• Try it: Go through the data below and repeat it exactly, skipping each picture.

━━━━━ Recorded data ━━━━━

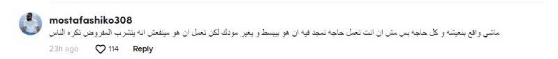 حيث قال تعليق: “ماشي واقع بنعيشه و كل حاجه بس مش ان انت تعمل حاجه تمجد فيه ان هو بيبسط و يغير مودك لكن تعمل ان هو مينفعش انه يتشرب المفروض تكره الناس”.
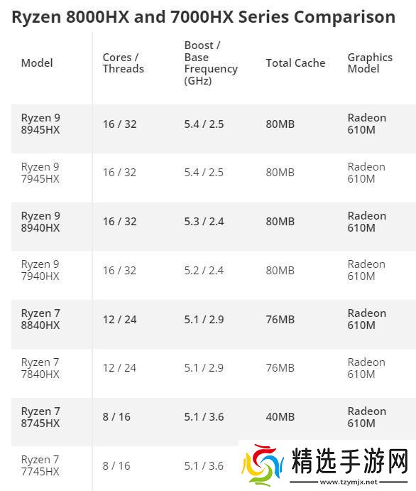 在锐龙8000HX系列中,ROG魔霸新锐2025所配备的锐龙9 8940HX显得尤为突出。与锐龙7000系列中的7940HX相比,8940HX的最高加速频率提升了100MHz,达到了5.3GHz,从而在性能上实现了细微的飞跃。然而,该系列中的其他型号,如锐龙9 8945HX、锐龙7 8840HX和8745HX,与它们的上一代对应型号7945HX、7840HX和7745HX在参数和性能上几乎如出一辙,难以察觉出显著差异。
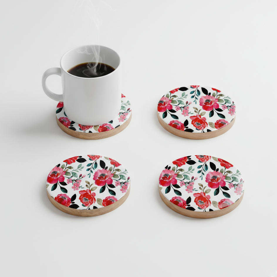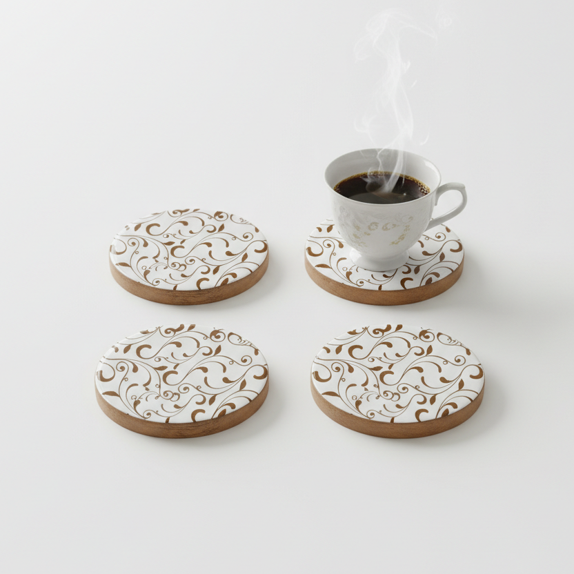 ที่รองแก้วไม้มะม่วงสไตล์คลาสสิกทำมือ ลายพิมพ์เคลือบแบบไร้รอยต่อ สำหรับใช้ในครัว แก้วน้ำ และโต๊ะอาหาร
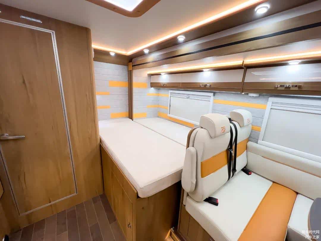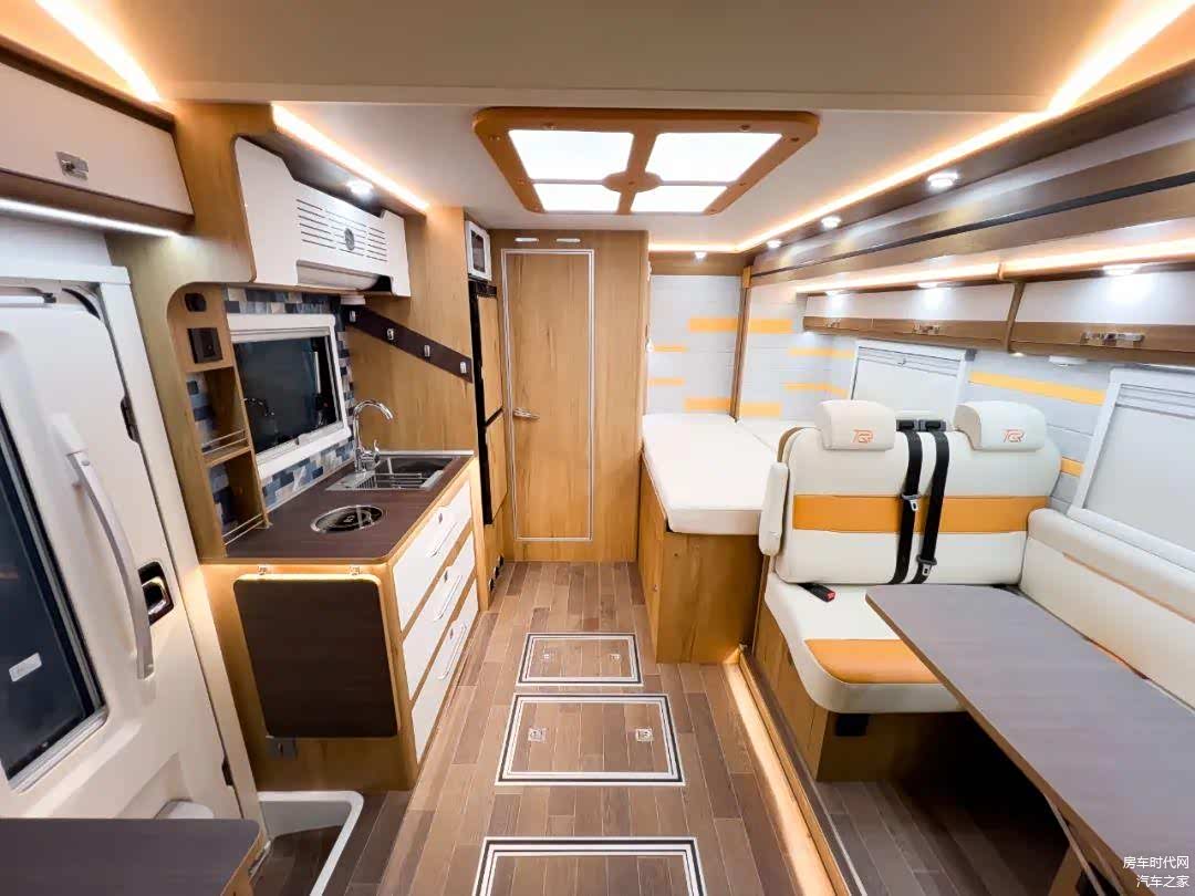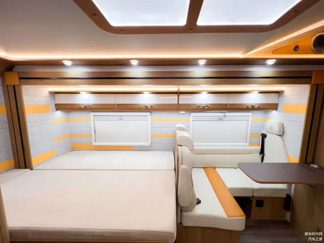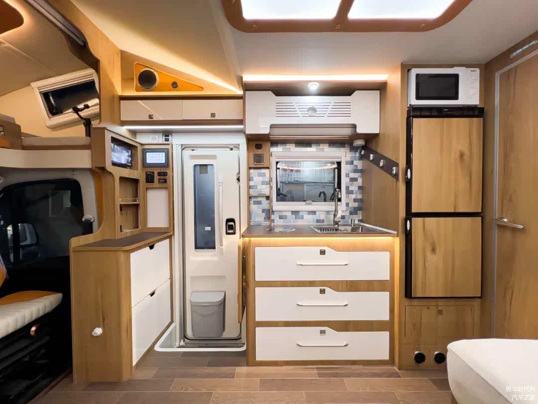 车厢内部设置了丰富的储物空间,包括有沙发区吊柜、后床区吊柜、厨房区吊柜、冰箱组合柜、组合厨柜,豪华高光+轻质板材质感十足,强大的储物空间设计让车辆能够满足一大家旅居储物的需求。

━━━━━

• Output for this exercise:
 حيث قال تعليق: “ماشي واقع بنعيشه و كل حاجه بس مش ان انت تعمل حاجه تمجد فيه ان هو بيبسط و يغير مودك لكن تعمل ان هو مينفعش انه يتشرب المفروض تكره الناس”.
 在锐龙8000HX系列中,ROG魔霸新锐2025所配备的锐龙9 8940HX显得尤为突出。与锐龙7000系列中的7940HX相比,8940HX的最高加速频率提升了100MHz,达到了5.3GHz,从而在性能上实现了细微的飞跃。然而,该系列中的其他型号,如锐龙9 8945HX、锐龙7 8840HX和8745HX,与它们的上一代对应型号7945HX、7840HX和7745HX在参数和性能上几乎如出一辙,难以察觉出显著差异。
 ที่รองแก้วไม้มะม่วงสไตล์คลาสสิกทำมือ ลายพิมพ์เคลือบแบบไร้รอยต่อ สำหรับใช้ในครัว แก้วน้ำ และโต๊ะอาหาร
 车厢内部设置了丰富的储物空间,包括有沙发区吊柜、后床区吊柜、厨房区吊柜、冰箱组合柜、组合厨柜,豪华高光+轻质板材质感十足,强大的储物空间设计让车辆能够满足一大家旅居储物的需求。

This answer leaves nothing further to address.